Wikipedia Data Mining Project

Project Goal

The goal of project is discovering the internal pattern in wikipedia data set and exploring various date mining algorithms. The cluster algorithm can group the wikipedia articles based on similarity, and forms thousands of data objects into organized tree to help people view the content. Other association and classsification algorithm might be tried as well and see if any other correlation relationship exists in wikipedia data set.

Wiki10+ Data Set

Wiki10+ is a dataset created during April 2009 with data retrieved from the social bookmarking site Delicious and Wikipedia by Natural Language Processing and Information Retrieval Group at UNED. It contains 20,764 unique URLs of English Wikipedia articles and their corresponding tags.
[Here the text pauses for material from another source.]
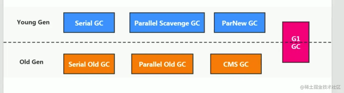 YGC:年轻代GC,全程STW的,复制算法MixGC:混合GC,回收全部年轻代和部分老年代,并发结合并行Full GC:全堆GC,串行、单线程、STW的,不会单独出现,只有MixGC失败才会触发FGC
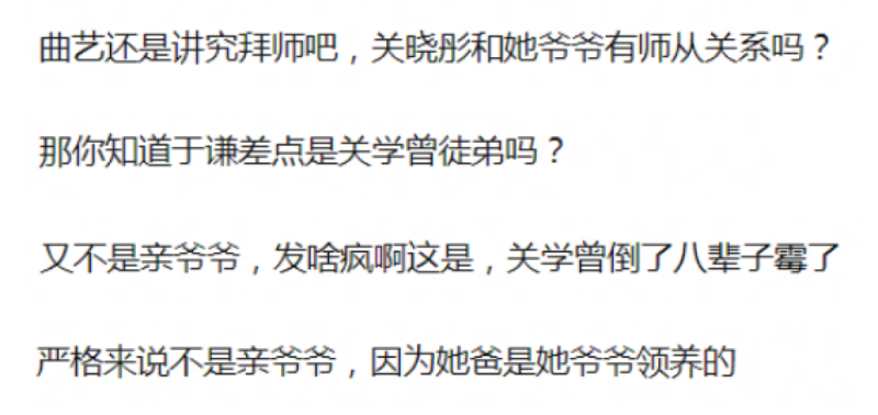 一是关晓彤不算是关学曾的亲孙女,她爸爸都是只是关学曾领养的;二是曲艺辈分讲究拜师,关晓彤跟他爷爷的师从毫无关系......

The data set file can be downloaded here:
  • wiki10+_tag-data.tar.gz(3,6 MB): Contains all the tag data for the Wikipedia articles.
  • wiki10+_documents.tar.bz2(271 MB): Content for all the Wikipedia articles on the dataset.
  • All the metadata for the dataset documents is provided in XML format, following this pattern:
    <hash>MD5 hash for document's URL</hash>
    <title>The title of the article</title>
    <users>Number of users annotating it</users>
    <name>Tag name</name>
    <count># of users who annotated the tag</count>
    each article has 4 attributes including hash, title, user, tags. The tag attribute has as many children as needed sub-tags. The number of children within tag attribute is from 10 to 100. There are roughly 20,000 records in total. The attribute types are both numeric and nominal. The attribute types are both numeric and nominal.

    Data Mining Toolkit

    The following data mining algorithms and tasks are performed in WEKA3.6. WEKA is open source software. It contains tools for data pre-processing, classification, regression, clustering, association rules, and visualization. WEKA 3.6 is the latest stable version of WEKA. I installed WEKA 3.6 on Windows XP with JDK 1.6.

    Data Pre-Processing

    To get the xml data set work with WEKA, I first create a python script which extracts the xml contents and stores the data in MySQL database. Beautiful Stone Soup is similar to Beautiful Soup library in Text Book Collective Intelligence. Beautiful Stone Soup is suitable for processing arbitrary XML file. It parses the xml file and constructs the nested attributes in a tree structure for the programmer. The users can get the attributes value based on the key.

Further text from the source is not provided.